Other family members. Each sib of the proband's parents is at a 50% risk of being a carrier of a NTHL1 pathogenic variant.

Carrier Detection

Carrier testing for at-risk relatives requires prior identification of the NTHL1 pathogenic variants in the family.

Related Genetic Counseling Issues

See Management, Evaluation of Relatives at Risk for information on evaluating at-risk sibs for the purpose of appropriate surveillance, early diagnosis, and treatment of NTHL1-associated tumors.

Predictive testing for at-risk asymptomatic sibs requires prior identification of the germline NTHL1 pathogenic variants in the family.

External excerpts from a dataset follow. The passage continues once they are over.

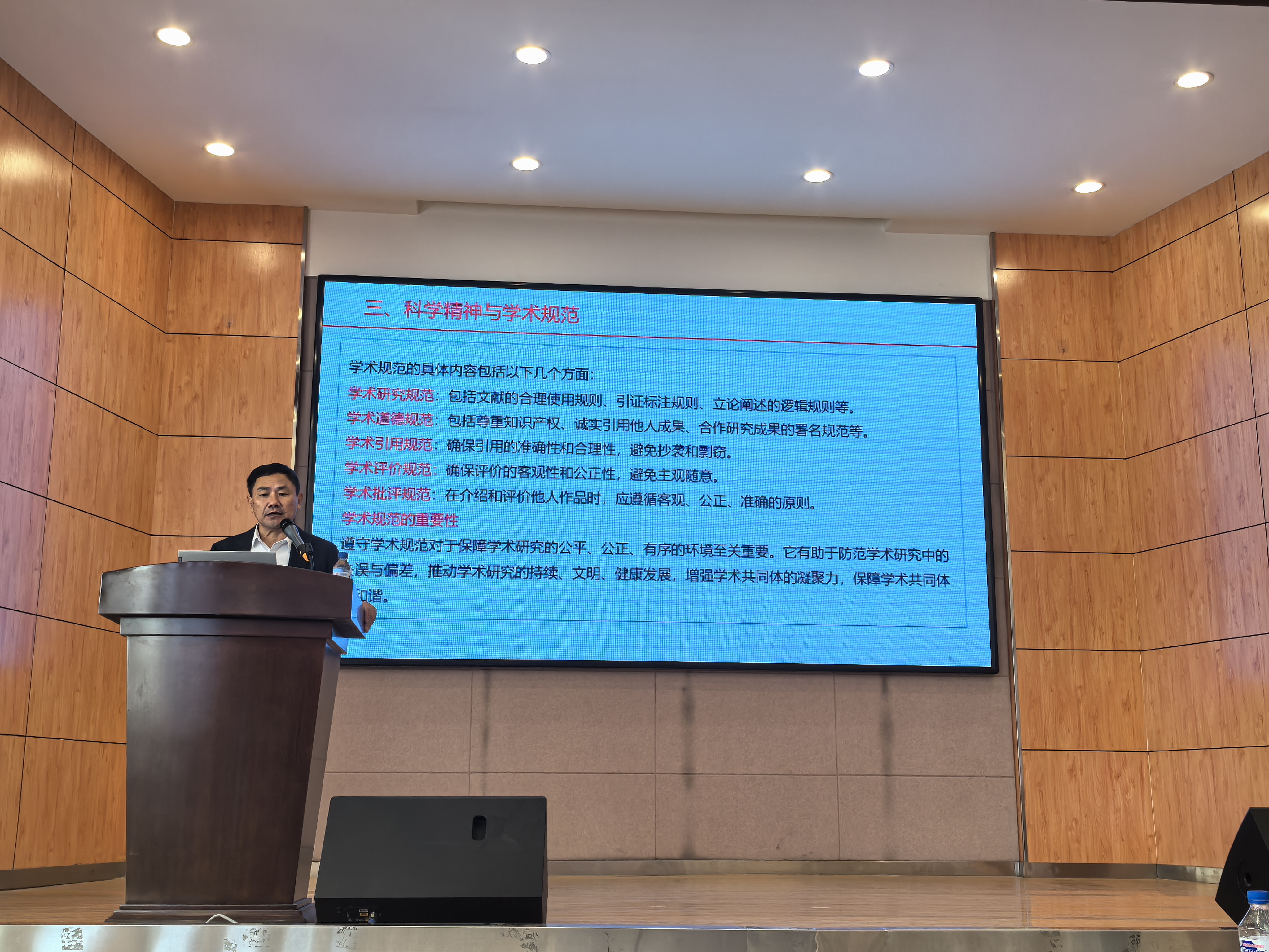 活动伊始,单玄龙经理向同学们介绍了我国在国家发展中对教育、科技和人才的重视,强调了这三者在推动社会主义现代化建设中的核心作用。“新时代地球科学肩负着重要使命,地质工作将大有可为”,单玄龙经理从推动绿色发展、促进人与自然和谐共生、加快构建新发展格局、着力推动高质量发展等方面回答了“地学何为”这个问题,鼓励员工们利用科技手段探索新知识、新技术和新方法,推动科技创新,为社会带来变革。同时为研究生讲解了科学精神和科学规范内涵,强调他们是在研究生阶段高质量科学研究的重要保障。
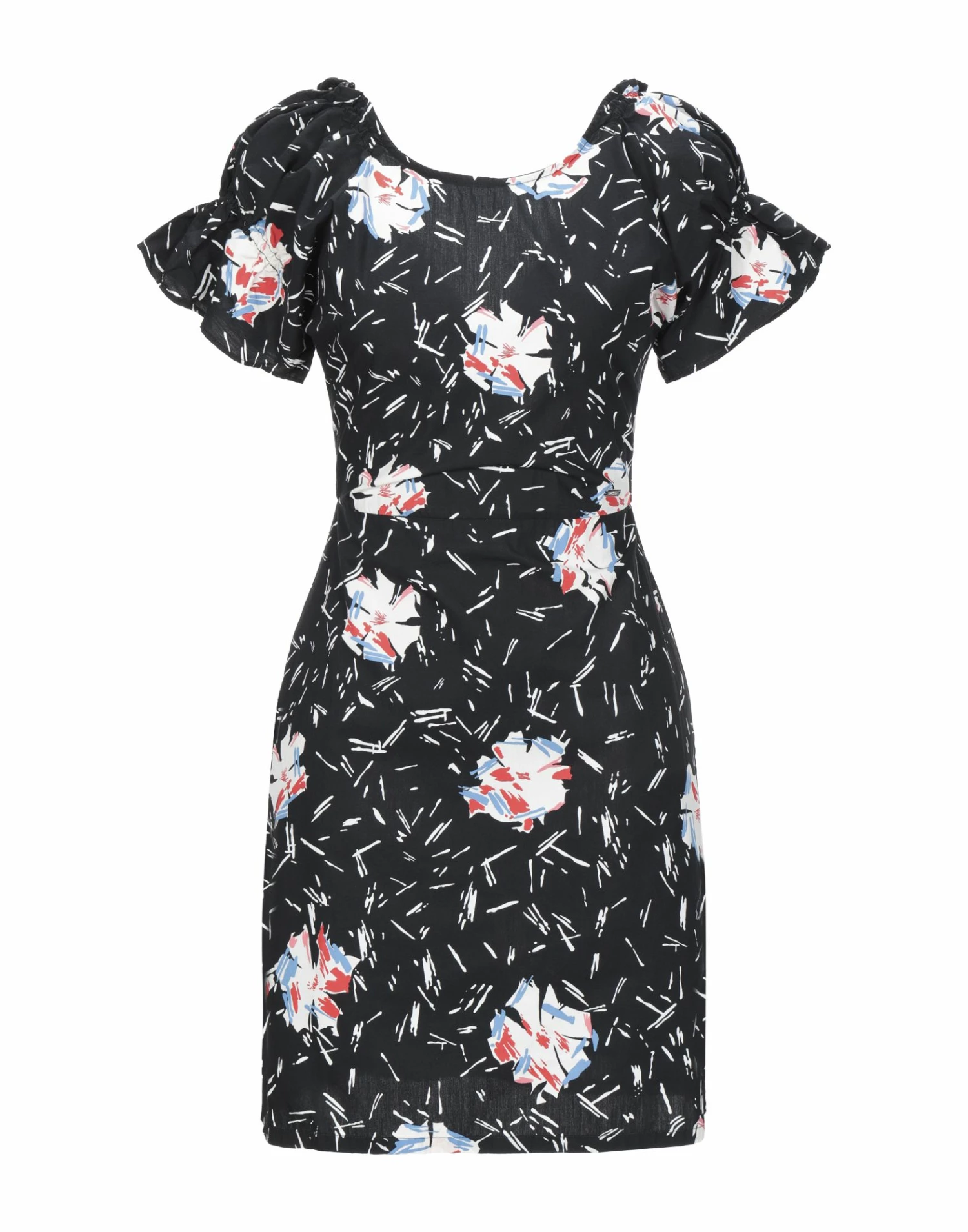 plain weave, logo, floral design, wide neckline, short sleeves, rear closure, zipper closure, unlined
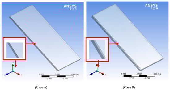 In any problem, the initial step in CFD is the creation of a geometric model. Three-dimensional geometries of Case A and Case B were created using the ANSYS R15.0 Workbench, which provided Design Modeller as a design tool to develop the geometric configurations of the physical problem domain. Figure 4 presents the geometric configurations of both tested SAHs with similar dimensions to the designed experimental configurations, which were imported into the ANSYS meshing module.
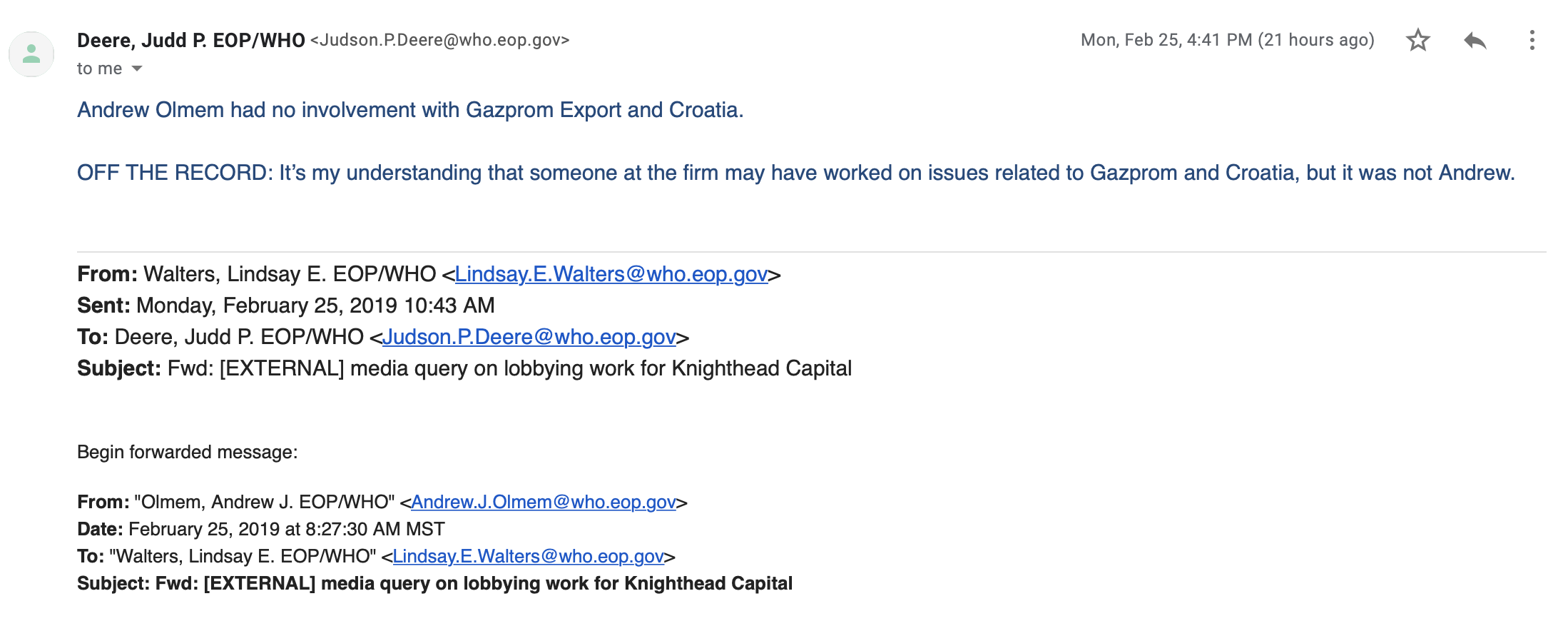 Deere’s astonishing ‘off the record’ statement proves that the Trump White House knew that a Knighthead lobbyist “may have worked on issues related to Gazprom and Croatia”, potentially establishing a direct line of complicity between the White House, Venable, and Knighthead’s activities in Croatia. The White House spokesperson could only have had such an “understanding” of work on Gazprom and Croatia from a senior White House official connected to Venable — likely Olmem himself — who knew about it.
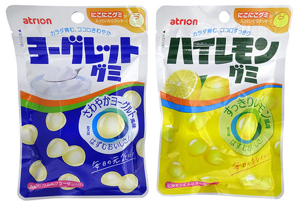 もう2品は、旧社時代からのロングセラー、タブレット菓子『ヨーグレット』『ハイレモン』のグミ(各51g、同140円)である。キャッチコピーに「カラダ育む、ココロすっきり」とあるように『ヨーグレットグミ』はコラーゲンとカルシウム。『ハイレモングミ』にはビタミンCとコラーゲンが配合されている。
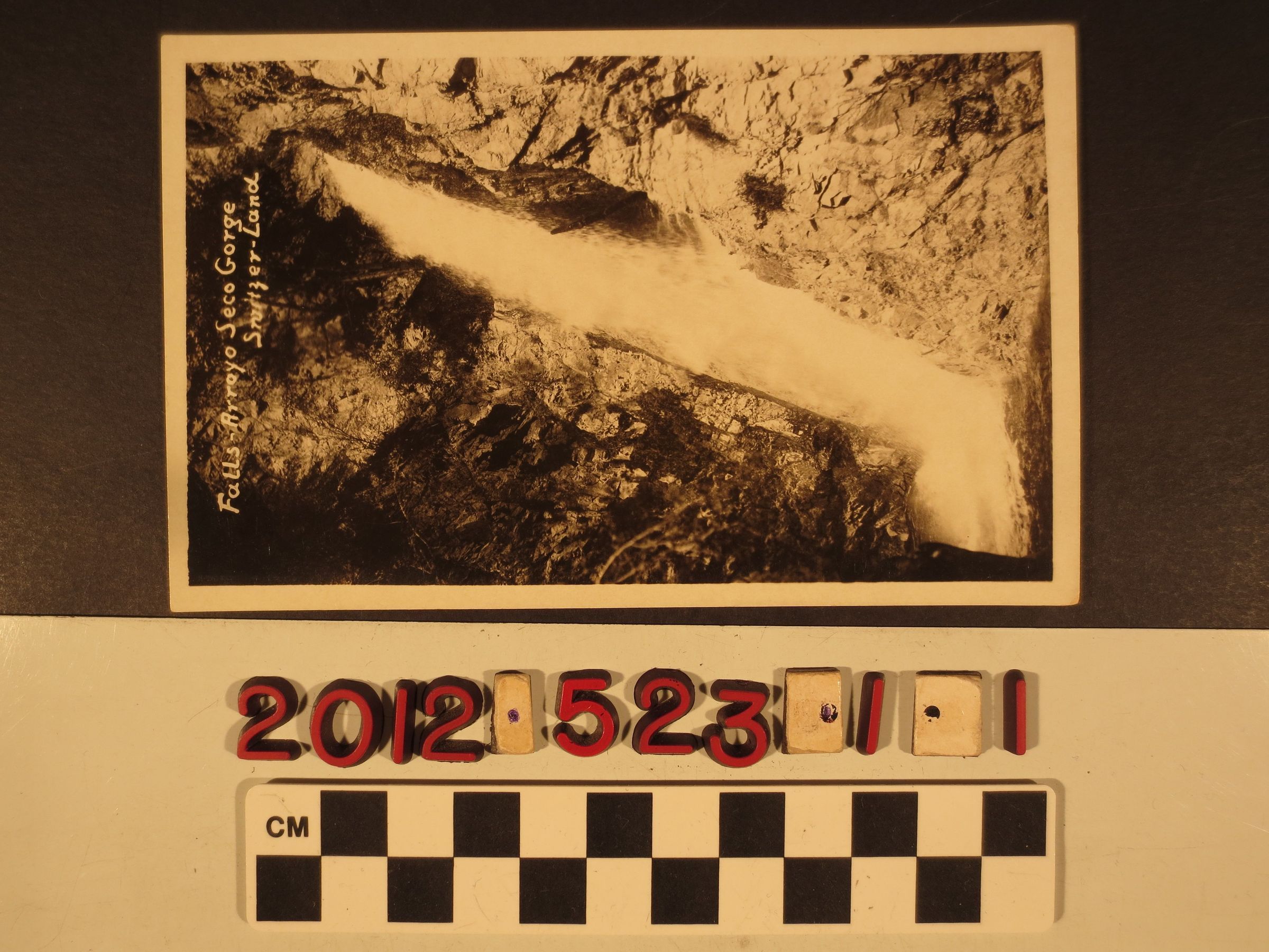 A real photo postcard, "Falls—Arroyo Seco Gorge / Switzer-Land," ca. 1924. The view is a close-up of the falls descending down several dozen feet down the rocky mountain side into a pool at the bottom. The caption is at the top. The postally unused card has some browning, very light soiling and minor edge abrasion and is in good condition.
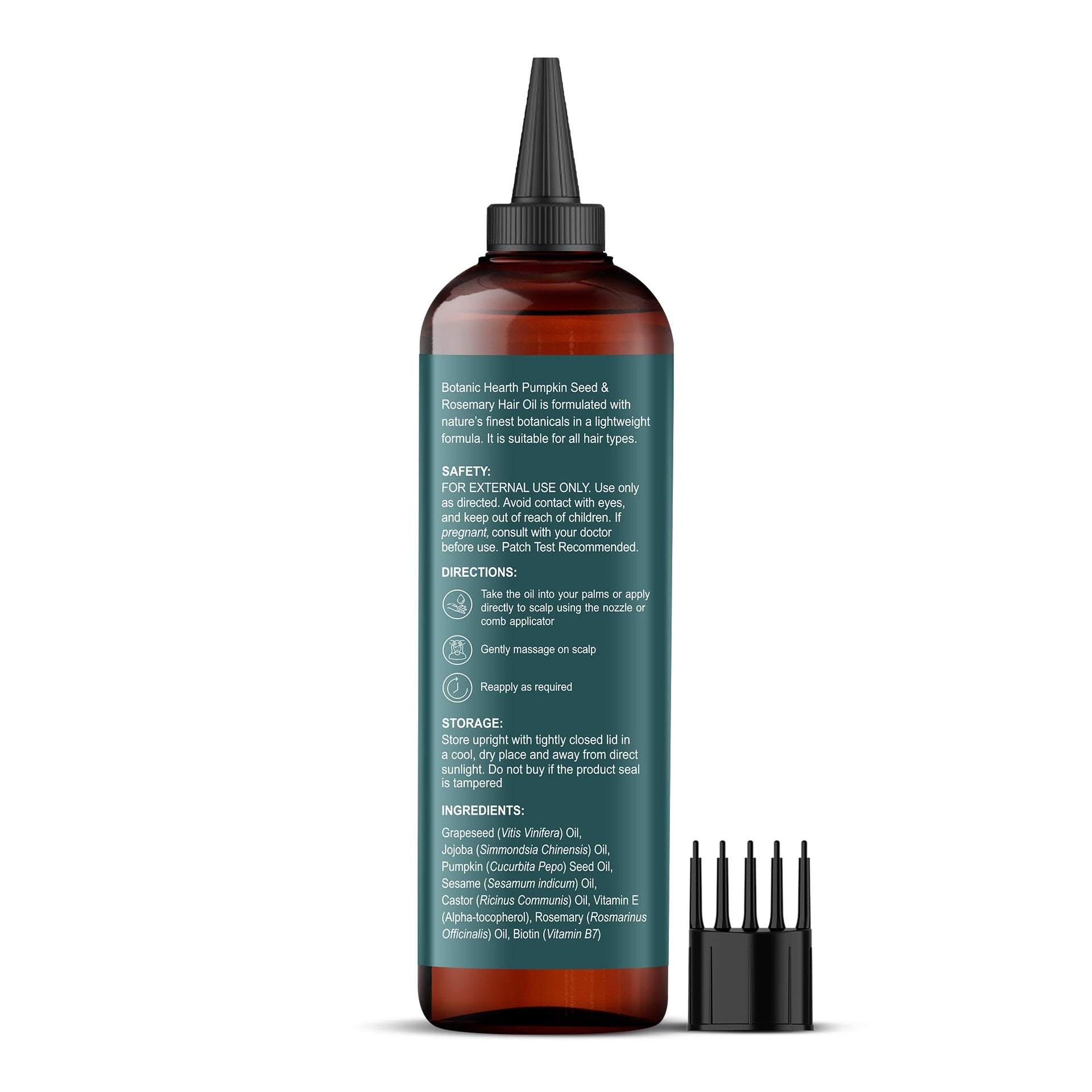 Botanic Hearth Rosemary Hair Growth Oil with Pumpkin Oil - 100% Pure Hair Tonic for Dry, Damaged Hair - Strengthening & Nourishing, 6.7 fl oz
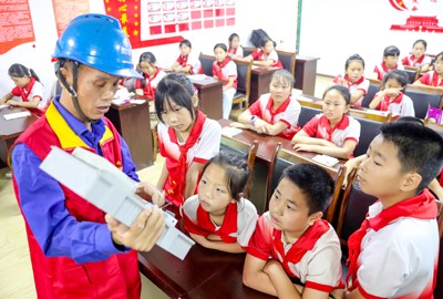 国家电网四川省华蓥市供电公司针对山区留守儿童、留守老人相对较多且缺乏安全用电常识等现象,在第24个全国“安全生产月”活动中,紧扣“人人讲安全、个个会应急——查找身边安全隐患”这一主题,组织专门的小分队巡回到乡镇中心学校和村小,开展“电力科普进校园,科学用电伴成长”宣传教育活动,引导学生养成良好的安全用电习惯,增强自主识险、避险能力,守护农村“一老一小”重点群体用电安全。

Genetic cancer risk assessment and counseling. For a comprehensive description of the medical, psychosocial, and ethical ramifications of identifying at-risk individuals through cancer risk assessment with or without molecular genetic testing, see Cancer Genetics Risk Assessment and Counseling – Health Professional Version (part of PDQ^®, National Cancer Institute).

Family planning

• The optimal time for determination of genetic risk and discussion of the availability of prenatal/preimplantation genetic testing is before pregnancy.
• It is appropriate to offer genetic counseling (including discussion of potential risks to offspring and reproductive options) to young adults who are affected, are carriers, or are at risk of being carriers.
• Carrier testing should be considered for the reproductive partners of individuals known to have NTHL1 pathogenic variant(s), particularly if consanguinity is likely and/or if both partners are of the same ancestry.

Prenatal Testing and Preimplantation Genetic Testing

Once the NTHL1 pathogenic variants have been identified in an affected family member, prenatal and preimplantation genetic testing are possible.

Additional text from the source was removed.